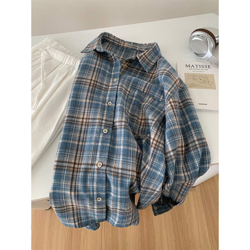 小紅の本の爆発の青い毛の格子のシャツの女性の春秋の韓国版はゆったりしていてやせているpolo襟のカジュアルなシャツを現します。
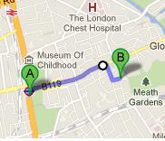 If you are at the Bethnal Green Tube Station, then it will take 9 minutes to reach your destination. The distance between two locations is of 0.5 miles, by walk you will head north and keep marching on the Roman Road/B119, until 0.3 miles pace is not covered. Take a right turn and start commencing on Morpeth St. then take a left turn on Bullards PI you will reach your destination. For further guidance related to the route Click Here!
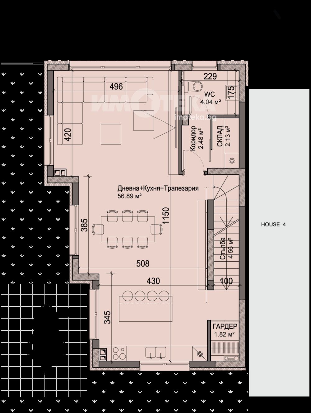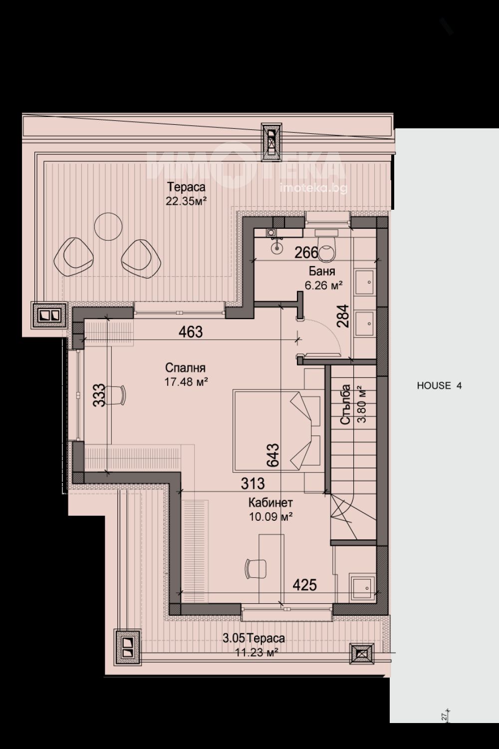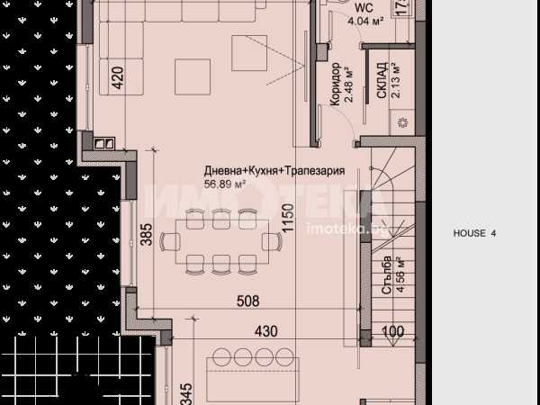 Еднофамилна къща в затворен комплекс с практичен и модерен дизайн. Къщата разполага с дневна с трапезария и кухня; 3 спални и работен кабинет и/или гардеробно помещение и Южна тераса насочена към планината и тераса с гледки към града. Към нея са предвидени паркоместа обособени в собствен подземен гараж. Къщата разполага със собствен двор с площ от 189м2.
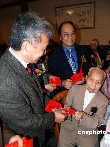 圖為中華會館主席伍競群等僑領特向101歲的老人周榮福發(fā)紅包。
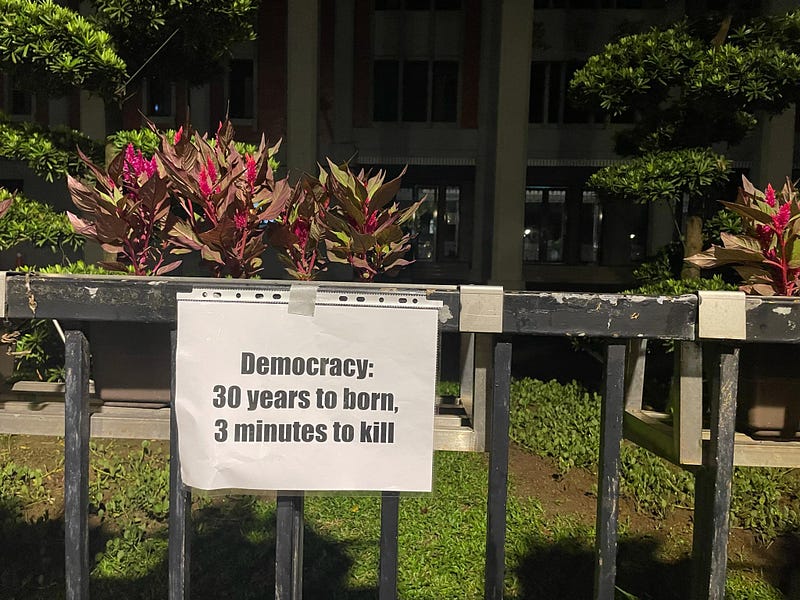 一直到期末考前幾天,我都還在路上。集會有趣的是,無論你的年齡、性別、職業,所有人只要出現在街頭,都是同樣平等的一份力。不能到場的人們送來物資,飲水、零食、衛生用品,有人說這像是戰場後勤補給彈藥,但我在教會前被志工邀請走進去吃點鹹粥再走時,感覺卻更像是一個臨時的大家庭。白天時我們交換資訊,分享彼此想法或互相鼓勵,晚上時人潮逐漸聚集,每個人製作的看板旗幟在人龍的川流間被高高舉起,手機的燈光在靜坐的人們手上搖曳著,我們心裡知道結果並不會如人所願,但從不會有人說出口,只是盼著。
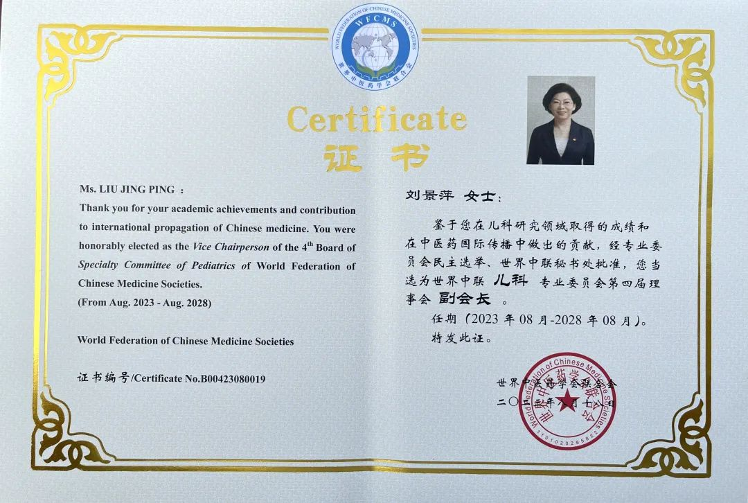 森林舞会药业集团党委书记、董事长刘景萍当选世界中医药学会联合会儿科专业委员会第四届理事会副会长
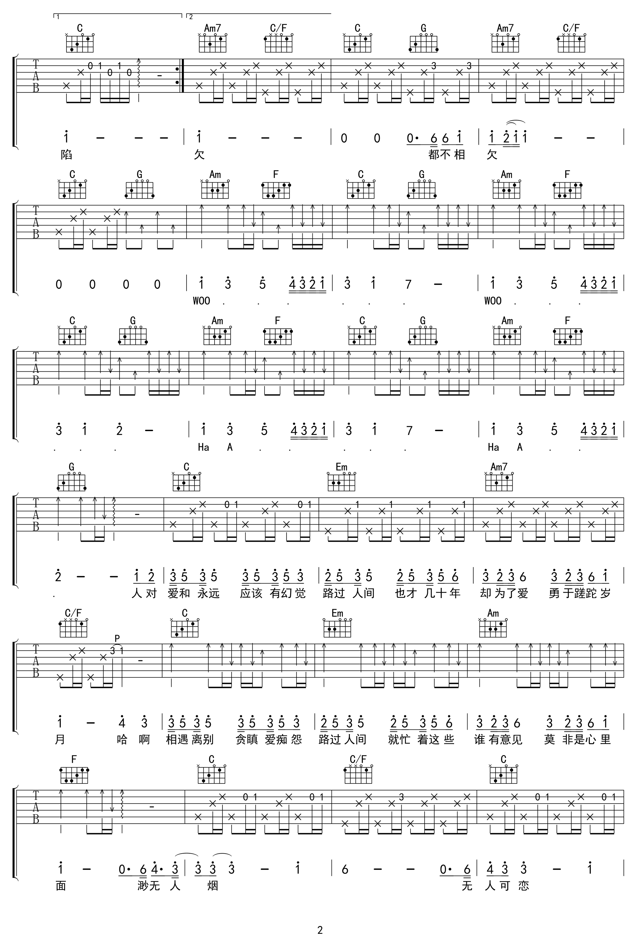 郁可唯 路过人间吉他谱2郁可唯 路过人间吉他谱3

:::

→ **Action item**:
Leave out the pictures, and write out all the remaining data above exactly.

→ **Written answer**:
 小紅の本の爆発の青い毛の格子のシャツの女性の春秋の韓国版はゆったりしていてやせているpolo襟のカジュアルなシャツを現します。
 If you are at the Bethnal Green Tube Station, then it will take 9 minutes to reach your destination. The distance between two locations is of 0.5 miles, by walk you will head north and keep marching on the Roman Road/B119, until 0.3 miles pace is not covered. Take a right turn and start commencing on Morpeth St. then take a left turn on Bullards PI you will reach your destination. For further guidance related to the route Click Here!
 Еднофамилна къща в затворен комплекс с практичен и модерен дизайн. Къщата разполага с дневна с трапезария и кухня; 3 спални и работен кабинет и/или гардеробно помещение и Южна тераса насочена към планината и тераса с гледки към града. Към нея са предвидени паркоместа обособени в собствен подземен гараж. Къщата разполага със собствен двор с площ от 189м2.
 圖為中華會館主席伍競群等僑領特向101歲的老人周榮福發(fā)紅包。
 一直到期末考前幾天,我都還在路上。集會有趣的是,無論你的年齡、性別、職業,所有人只要出現在街頭,都是同樣平等的一份力。不能到場的人們送來物資,飲水、零食、衛生用品,有人說這像是戰場後勤補給彈藥,但我在教會前被志工邀請走進去吃點鹹粥再走時,感覺卻更像是一個臨時的大家庭。白天時我們交換資訊,分享彼此想法或互相鼓勵,晚上時人潮逐漸聚集,每個人製作的看板旗幟在人龍的川流間被高高舉起,手機的燈光在靜坐的人們手上搖曳著,我們心裡知道結果並不會如人所願,但從不會有人說出口,只是盼著。
 森林舞会药业集团党委书记、董事长刘景萍当选世界中医药学会联合会儿科专业委员会第四届理事会副会长
 郁可唯 路过人间吉他谱2郁可唯 路过人间吉他谱3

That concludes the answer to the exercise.